It was after they became aware of this difference that the team started to ‘open up’ and started to listen more carefully to each other. They did not understand each other, and this left them with two simple options: or sticking to your own perception and disagreeing with each other; or trying to better understand the other’s perception and where it comes from. They chose to do the latter. It resulted in a fruitful and productive discussion with a very important conclusion. They learnt that the way they perceived openness was related to the way they perceived relationships.

In a recent article in Harvard Business Review Fons Trompenaars and Peter Woolliams describe the role of relationship orientation in cross-cultural differences. In one of the paragraphs they make a distinction between rule-centered versus relationship-centered cultures. The way the team above dealt with openness was related to this difference.

How strictly we adhere to rules and how eagerly we make them vary greatly from culture to culture. Rule-centered societies like the United States and Britain feel that general rules should have global application and that all comers should compete on a level playing field. Relationship-centered countries like China, Russia, and India value bonds with family and friends above abstract rules: Particular circumstances and the people involved may dictate the response to a situation. Countries in the former category probably better satisfy the desire for distributive justice, but they may become obsessed with rules and regulations—which explains in part why the United States has so many more lawyers than Japan does. Countries in the latter category tend to resolve failure privately, through relationships. The Swiss, North Americans, and Australians are the most rule-oriented, with 70% to 80% of respondents believing that exceptions to rules should not be made to help friends. In the BRIC countries, by contrast, only 25% to 40% would put the rule above the person. (Read article).

To bring it back to the situation of the team above, there were two different perceptions of relationship and that affected the mutual openness. For the one subgroup a deep and strong relationship was the outcome of being successful together in achieving goals. Openness for them was a prerequisite for being able to set rules and achieve goals together, and as a result the relationship would grow deeper and stronger. For the other subgroup it was the reverse. For them it started with the relationship as a prerequisite for being open. For them achieving goals together depended on the strength of the relationship. The stronger the relationship, then more openness there would be.

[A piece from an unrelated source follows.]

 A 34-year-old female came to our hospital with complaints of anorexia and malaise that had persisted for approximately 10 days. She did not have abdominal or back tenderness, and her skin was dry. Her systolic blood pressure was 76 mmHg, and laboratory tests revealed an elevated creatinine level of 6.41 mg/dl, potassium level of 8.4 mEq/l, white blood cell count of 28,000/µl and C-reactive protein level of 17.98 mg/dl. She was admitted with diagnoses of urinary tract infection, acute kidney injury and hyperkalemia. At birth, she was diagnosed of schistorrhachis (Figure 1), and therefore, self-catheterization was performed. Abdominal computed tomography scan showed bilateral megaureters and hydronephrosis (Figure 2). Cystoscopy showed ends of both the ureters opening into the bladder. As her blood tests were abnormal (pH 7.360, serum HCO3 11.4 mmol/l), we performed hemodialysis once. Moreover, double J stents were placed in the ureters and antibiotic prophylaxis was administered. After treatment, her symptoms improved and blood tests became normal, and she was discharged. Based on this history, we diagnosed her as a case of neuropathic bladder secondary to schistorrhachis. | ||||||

This situation was not unique to this specific team. Differences in relationship orientation play a role in many cross-cultural teams and have an impact on the level of openness. I have seen situations where genuine attempts to be open had exactly the opposite effect and even decreased the level of trust. This difference in relationship-centeredness exists in general terms between Western and Eastern cultures. But I also witnessed the same kind of differences between Northern European and Mediterranean cultures. Even regions within one country can show subtle differences in how they perceive relationships and therefore show different behavior towards openness.

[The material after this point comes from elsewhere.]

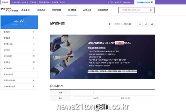 이번 서명은 김포시청 홈페이지에서 온라인으로 진행되며 김포시민이라면 누구나 참가할 수 있고, 결과가 발표되는 그날까지 시민의 염원을 담아낸다.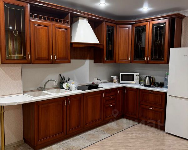 Стильный кухонный гарнитур, оснащён варочной панелью, духовым шкафом, вытяжкой, а также имеется посудомоечная машина, микроволновая печь, электрический чайник, двухкамерный холодильник, сушильная машина и стиральная машина;

Creating openness is an underestimated aspect of team development. Too little emphasis on creating openness can seriously hinder the team’s success. It requires special attention from leaders of cross-cultural teams. By creating awareness and deeper understanding of each other’s viewpoints. Postponing this, ignoring it, or trying to deal with it in a rush, will often have the reverse effect.

Successful leaders understand that creating openness starts with stimulating people to open up to one another.  Not opening by pouring out all our opinions. Not opening by expecting others to do the same. Not by expecting all questions are OK to ask. Not by judging that being less open is being less honest.  Successful leaders understand that opening up requires their team to go from the level of exchanging information to the level of really listening to each other. Listening taking into account the differences in how we perceive relationships. And really listening requires less talking! Funnily enough easily regarded as being less open.

The team reached an important first step; they got to the point of awareness. They decided to go a step further and to explore together how they could increase the level of openness within the team taking into account the differences in relationship orientation. They found out that a fundamental building block was the way they communicated with each other, how they interacted, how they listened.

In Part 2 I go deeper into how they did this. What did they change in their communication? How did this increase the mutual openness in the team?

I invite you to share your experiences. What is your experience with cross-cultural teams? Do you recognize what this team went through? What is your experience with creating openness? I am looking forward to reading your stories and comments!


As international business advisor, change leader and executive coach Aad supports companies, their leaders and leadership teams in achieving sustainable business success in cross-cultural environments.  He shares his experience and ideas on http://leadershipwatch-aadboot.com.  For more on Aad’s services, click here.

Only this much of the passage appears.